_Task description_:
Drop every image, then reproduce the data exactly as given.

_Source data_:
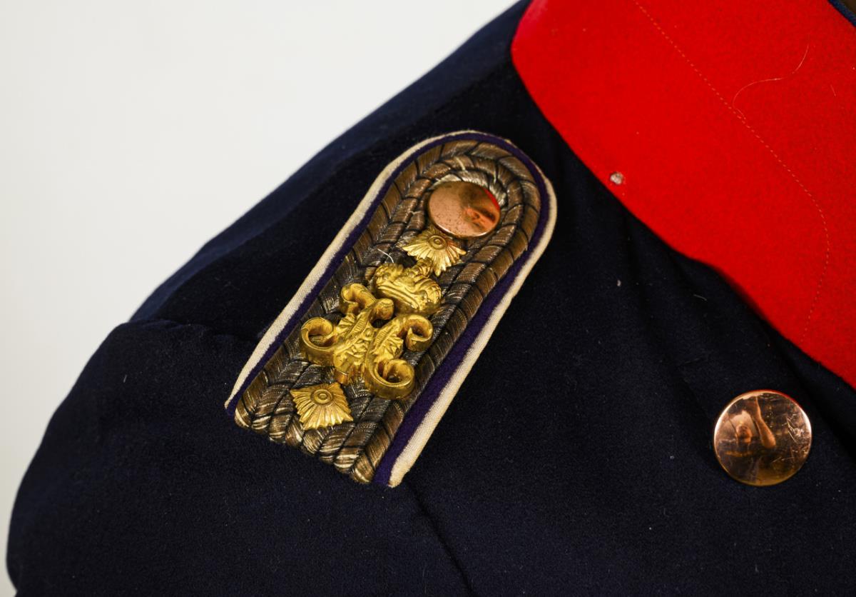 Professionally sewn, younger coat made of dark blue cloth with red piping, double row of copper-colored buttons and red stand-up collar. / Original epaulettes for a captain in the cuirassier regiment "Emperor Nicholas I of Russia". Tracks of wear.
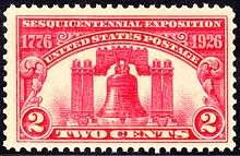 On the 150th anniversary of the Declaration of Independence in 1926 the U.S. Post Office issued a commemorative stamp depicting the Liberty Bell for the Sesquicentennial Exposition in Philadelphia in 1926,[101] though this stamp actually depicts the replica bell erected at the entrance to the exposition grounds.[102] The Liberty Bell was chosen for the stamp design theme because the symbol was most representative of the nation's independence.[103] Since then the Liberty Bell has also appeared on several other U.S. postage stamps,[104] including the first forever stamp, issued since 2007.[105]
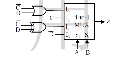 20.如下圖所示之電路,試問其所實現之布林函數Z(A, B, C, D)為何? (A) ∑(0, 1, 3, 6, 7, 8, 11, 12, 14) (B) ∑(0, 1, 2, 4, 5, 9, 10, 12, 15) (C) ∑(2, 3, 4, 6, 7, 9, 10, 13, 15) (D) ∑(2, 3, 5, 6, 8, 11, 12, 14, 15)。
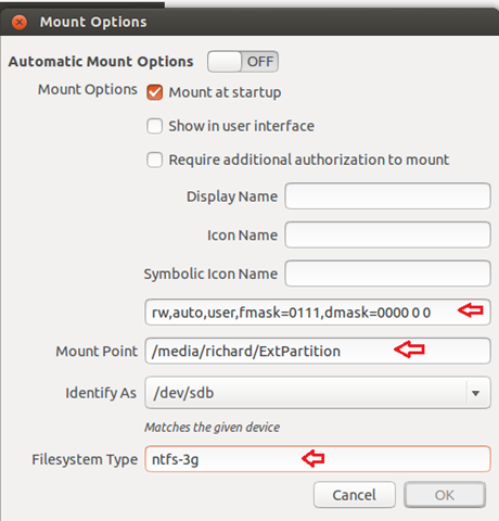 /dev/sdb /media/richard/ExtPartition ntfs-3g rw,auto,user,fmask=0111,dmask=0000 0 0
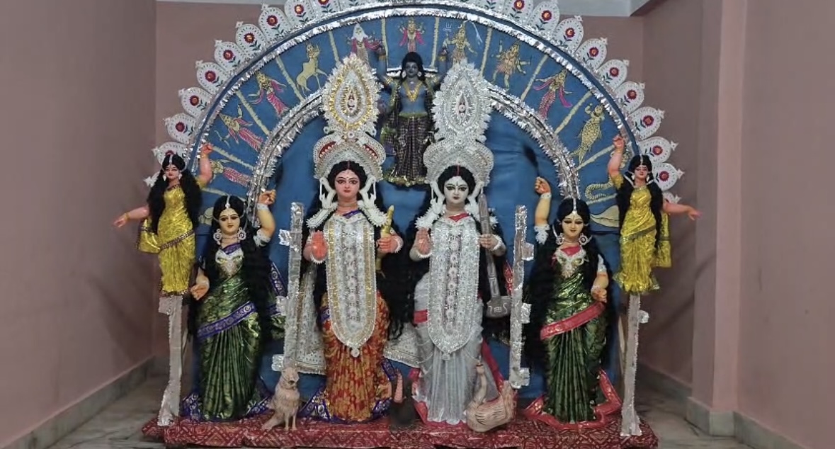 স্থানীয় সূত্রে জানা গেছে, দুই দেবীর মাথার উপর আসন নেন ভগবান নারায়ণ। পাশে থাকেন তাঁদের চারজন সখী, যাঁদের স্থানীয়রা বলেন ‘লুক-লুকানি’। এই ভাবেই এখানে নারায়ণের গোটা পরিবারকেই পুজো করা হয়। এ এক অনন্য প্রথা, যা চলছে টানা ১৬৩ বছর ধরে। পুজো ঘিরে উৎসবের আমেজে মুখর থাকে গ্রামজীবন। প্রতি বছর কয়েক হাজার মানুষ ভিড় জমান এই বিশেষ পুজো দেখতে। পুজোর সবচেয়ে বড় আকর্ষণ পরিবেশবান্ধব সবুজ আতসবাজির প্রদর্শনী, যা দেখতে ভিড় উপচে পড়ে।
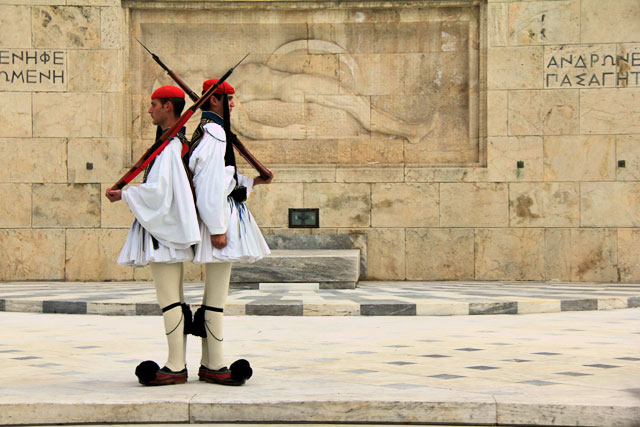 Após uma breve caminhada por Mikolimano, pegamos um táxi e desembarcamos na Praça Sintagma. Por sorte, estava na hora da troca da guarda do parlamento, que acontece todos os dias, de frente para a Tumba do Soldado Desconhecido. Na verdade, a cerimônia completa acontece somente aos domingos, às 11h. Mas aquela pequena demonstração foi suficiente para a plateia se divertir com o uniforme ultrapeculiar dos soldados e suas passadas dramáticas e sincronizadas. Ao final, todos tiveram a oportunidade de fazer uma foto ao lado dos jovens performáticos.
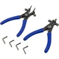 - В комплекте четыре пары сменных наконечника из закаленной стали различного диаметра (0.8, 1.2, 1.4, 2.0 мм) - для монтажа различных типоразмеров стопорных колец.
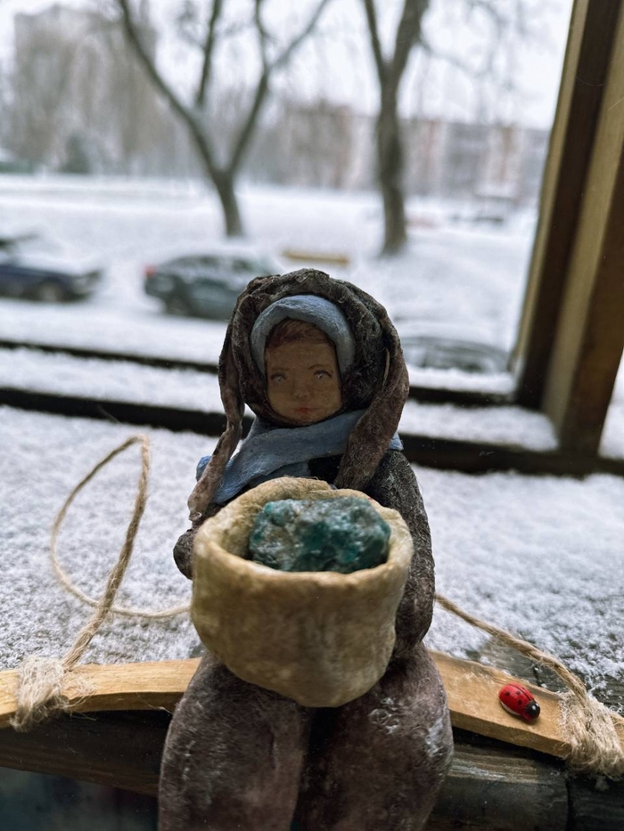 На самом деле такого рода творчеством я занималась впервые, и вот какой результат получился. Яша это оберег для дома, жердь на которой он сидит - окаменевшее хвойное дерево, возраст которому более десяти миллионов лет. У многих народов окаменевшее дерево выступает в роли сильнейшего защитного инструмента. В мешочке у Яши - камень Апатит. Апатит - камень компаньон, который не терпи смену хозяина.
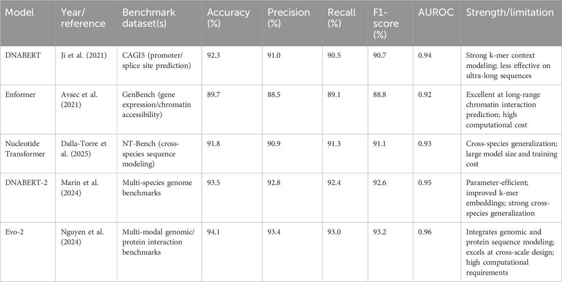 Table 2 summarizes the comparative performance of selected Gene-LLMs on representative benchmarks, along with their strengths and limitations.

_Answer for this exercise_:
 Professionally sewn, younger coat made of dark blue cloth with red piping, double row of copper-colored buttons and red stand-up collar. / Original epaulettes for a captain in the cuirassier regiment "Emperor Nicholas I of Russia". Tracks of wear.
 On the 150th anniversary of the Declaration of Independence in 1926 the U.S. Post Office issued a commemorative stamp depicting the Liberty Bell for the Sesquicentennial Exposition in Philadelphia in 1926,[101] though this stamp actually depicts the replica bell erected at the entrance to the exposition grounds.[102] The Liberty Bell was chosen for the stamp design theme because the symbol was most representative of the nation's independence.[103] Since then the Liberty Bell has also appeared on several other U.S. postage stamps,[104] including the first forever stamp, issued since 2007.[105]
 20.如下圖所示之電路,試問其所實現之布林函數Z(A, B, C, D)為何? (A) ∑(0, 1, 3, 6, 7, 8, 11, 12, 14) (B) ∑(0, 1, 2, 4, 5, 9, 10, 12, 15) (C) ∑(2, 3, 4, 6, 7, 9, 10, 13, 15) (D) ∑(2, 3, 5, 6, 8, 11, 12, 14, 15)。
 /dev/sdb /media/richard/ExtPartition ntfs-3g rw,auto,user,fmask=0111,dmask=0000 0 0
 স্থানীয় সূত্রে জানা গেছে, দুই দেবীর মাথার উপর আসন নেন ভগবান নারায়ণ। পাশে থাকেন তাঁদের চারজন সখী, যাঁদের স্থানীয়রা বলেন ‘লুক-লুকানি’। এই ভাবেই এখানে নারায়ণের গোটা পরিবারকেই পুজো করা হয়। এ এক অনন্য প্রথা, যা চলছে টানা ১৬৩ বছর ধরে। পুজো ঘিরে উৎসবের আমেজে মুখর থাকে গ্রামজীবন। প্রতি বছর কয়েক হাজার মানুষ ভিড় জমান এই বিশেষ পুজো দেখতে। পুজোর সবচেয়ে বড় আকর্ষণ পরিবেশবান্ধব সবুজ আতসবাজির প্রদর্শনী, যা দেখতে ভিড় উপচে পড়ে।
 Após uma breve caminhada por Mikolimano, pegamos um táxi e desembarcamos na Praça Sintagma. Por sorte, estava na hora da troca da guarda do parlamento, que acontece todos os dias, de frente para a Tumba do Soldado Desconhecido. Na verdade, a cerimônia completa acontece somente aos domingos, às 11h. Mas aquela pequena demonstração foi suficiente para a plateia se divertir com o uniforme ultrapeculiar dos soldados e suas passadas dramáticas e sincronizadas. Ao final, todos tiveram a oportunidade de fazer uma foto ao lado dos jovens performáticos.
 - В комплекте четыре пары сменных наконечника из закаленной стали различного диаметра (0.8, 1.2, 1.4, 2.0 мм) - для монтажа различных типоразмеров стопорных колец.
 На самом деле такого рода творчеством я занималась впервые, и вот какой результат получился. Яша это оберег для дома, жердь на которой он сидит - окаменевшее хвойное дерево, возраст которому более десяти миллионов лет. У многих народов окаменевшее дерево выступает в роли сильнейшего защитного инструмента. В мешочке у Яши - камень Апатит. Апатит - камень компаньон, который не терпи смену хозяина.
 Table 2 summarizes the comparative performance of selected Gene-LLMs on representative benchmarks, along with their strengths and limitations.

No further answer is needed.